The cloud security market has been totally bizarre ever since it started. Why are we being given a python script to count our workloads? How do we handle sending alerts like “new unencrypted database” to a SOC? What’s the difference between this tool and the open source options? We’re all learning together about the new processes, tools, and deployments that would define the future.
The idea that cloud resources were distinct from on-prem ones was a gamble, one that paid off massively for the companies that invested in it early. Marketing money helped Cloud Security Posture Management (CSPM) become the must-have tool for cloud security before its gaps were identified. Cloud Native Application Protection Platforms (CNAPP) came along as the way to try and clean up the mess. Gartner defines CNAPP as “a unified and tightly integrated set of security and compliance capabilities designed to secure and protect cloud-native applications across development and production.” In other words, one platform that does everything security and compliance related. But in the cloud, the details of those “capabilities” make a huge difference.
Keep reading to learn:
- Why runtime protection has not historically been top priority for cloud security teams.
- What major objections there are to prioritizing runtime protection.
- Why runtime security is the best return on investment in any cloud tool.

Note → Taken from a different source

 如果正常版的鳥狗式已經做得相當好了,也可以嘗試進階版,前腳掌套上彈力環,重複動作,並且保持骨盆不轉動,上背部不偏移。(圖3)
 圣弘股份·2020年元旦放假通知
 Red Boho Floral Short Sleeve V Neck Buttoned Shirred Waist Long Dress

The typical cloud security journey
On the first day of my first cloud security role, the CISO came up to me and said, “I need you to figure out what the devs have been doing, and how to secure it.” That statement perfectly describes most security engineers’ lagging journey into cloud security. The old security world was about managing EDR on Windows servers and SIEMs. The new one required a radically different skillset: one that requires every security engineer to quickly learn skills that aren’t a part of their standard toolkit– from coding to Kubernetes.
I didn’t know it at the time, but “figuring out what the devs are doing” is a massive challenge. How do you build trust? How do you get visibility? How do you get prioritization? More fundamental even than these questions: how do you not feel like an idiot? I scheduled a meeting two weeks out with our chief architect, hoping to figure that out before then.

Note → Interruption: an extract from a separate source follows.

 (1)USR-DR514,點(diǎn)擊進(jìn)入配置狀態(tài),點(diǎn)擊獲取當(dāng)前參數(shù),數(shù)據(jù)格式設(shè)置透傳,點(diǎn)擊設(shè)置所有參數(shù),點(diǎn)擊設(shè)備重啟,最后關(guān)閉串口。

In order to secure something, you have to know what it is. Unfortunately, knowing what modern applications are is extremely challenging. Very few people in a company can maintain a mental model for their applications. This is why security is stuck in such a difficult position. In order to do your job well, you need to interface with these select people, who are often principal engineers or architects. Because cloud engineering, especially Kubernetes and cloud-native service architecture, is a constantly evolving skill for security professionals, which puts them at a special disadvantage. Oftentimes, someone who has barely used the cloud is providing guidance to someone who is building cutting edge architecture in it.
Graph of uber’s microservices – now secure it?

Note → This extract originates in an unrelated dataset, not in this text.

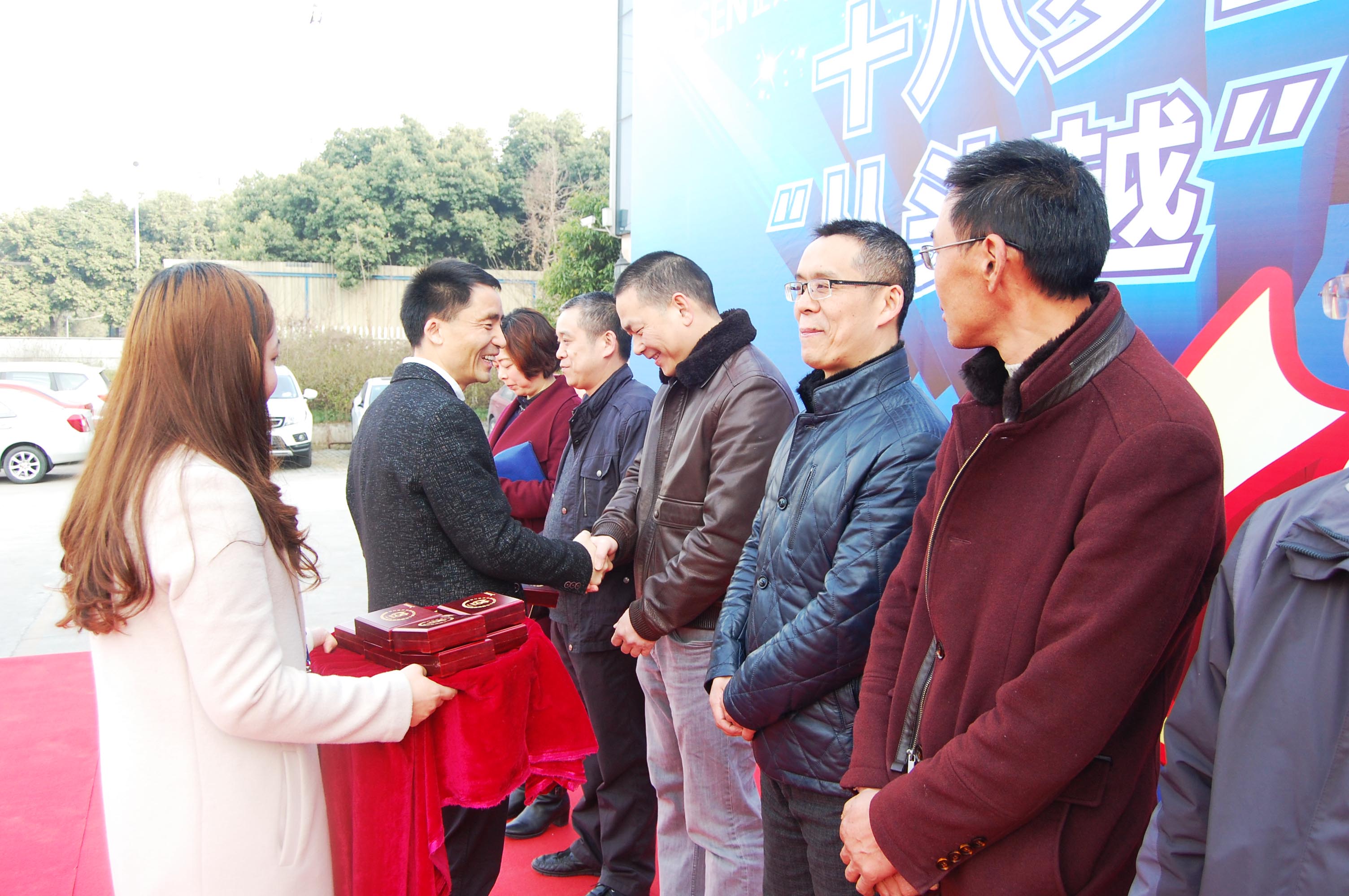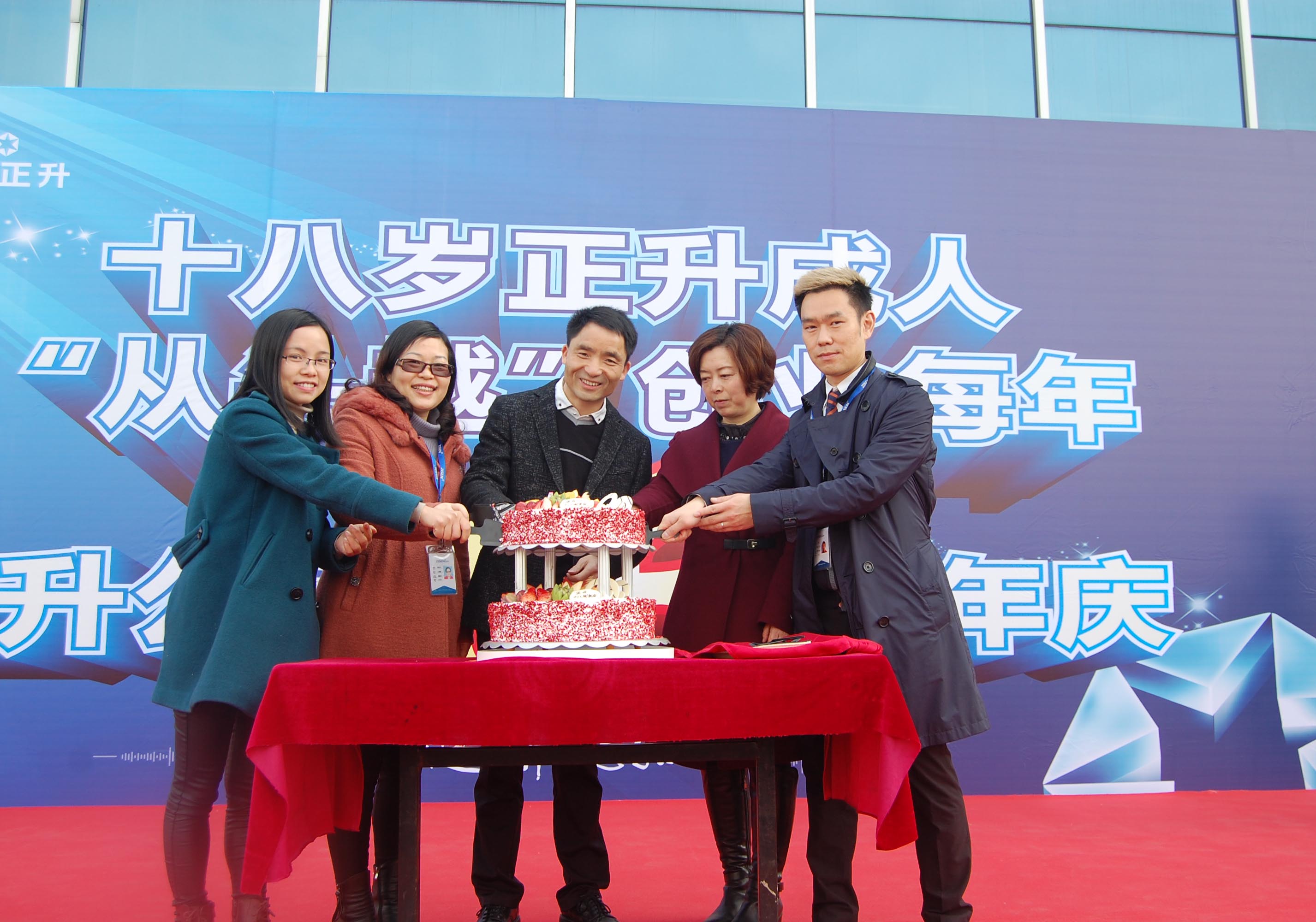 最后,公司正式啟動2017年度“進步每一點、精彩每一周”的年度企業(yè)文化宣傳活動,并隆重為剛剛成立的正升跑團、籃球隊、足球隊、乒乓球隊授旗,拉開了年度文化踐行的序幕。在現(xiàn)場熱烈的掌聲中,李董事長與管理者代表、新員工代表、老員工代表一起共同切開了正升十八周年慶蛋糕。

As a result, from what I’ve seen, almost every company’s first foray into cloud security is driven by fear, prioritizing general visibility over any other capability. Fear is a major motivator, and the insecurity of security can drive the first major purchase. This was certainly the case for myself. Extending a relationship with an existing vendor who let me create an AWS role to check my account for misconfigurations made me feel like I was adding value immediately. It was only once I tried to fix the first finding that I realized I was creating irrelevant busy work for already burdened teams, while starting the security-developer relationship off on a bad foot.
It doesn’t take long for the realization to hit that misconfiguration scanning was never the primary issue ( about as long it took to send the first ticket to developers). Most companies falsely assume that these alerts should go to the SOC, who immediately drown in the alerts they can’t do anything about. Because many security teams are learning about the cloud via the tool they purchased, they’re not aware until the multi-year contract has kicked in that their developers are all pushing configuration as code, and scanning the configuration at runtime is already too late. Furthermore, their CSPM tool is full of false positives, or more often, minor vulnerabilities that would take months of engineering time to fix.
Security prioritized visibility at runtime, but learned too late that they actually wanted visibility at code time, or “shift-left.” Typically, this leads to the neverending trap of trying to get better and better at detection and visibility, which creates complex ticketing workflows. The reality is you will never hit zero vulnerabilities, but if a tool is scanning your cloud and can’t see the code, then it can’t provide relevant information to the teams who can fix it. For example, in my insecure-app deployment testing repo, deleting a secret key is a one line code change, but at runtime, it might be extremely difficult to see where the environment variable was coming from.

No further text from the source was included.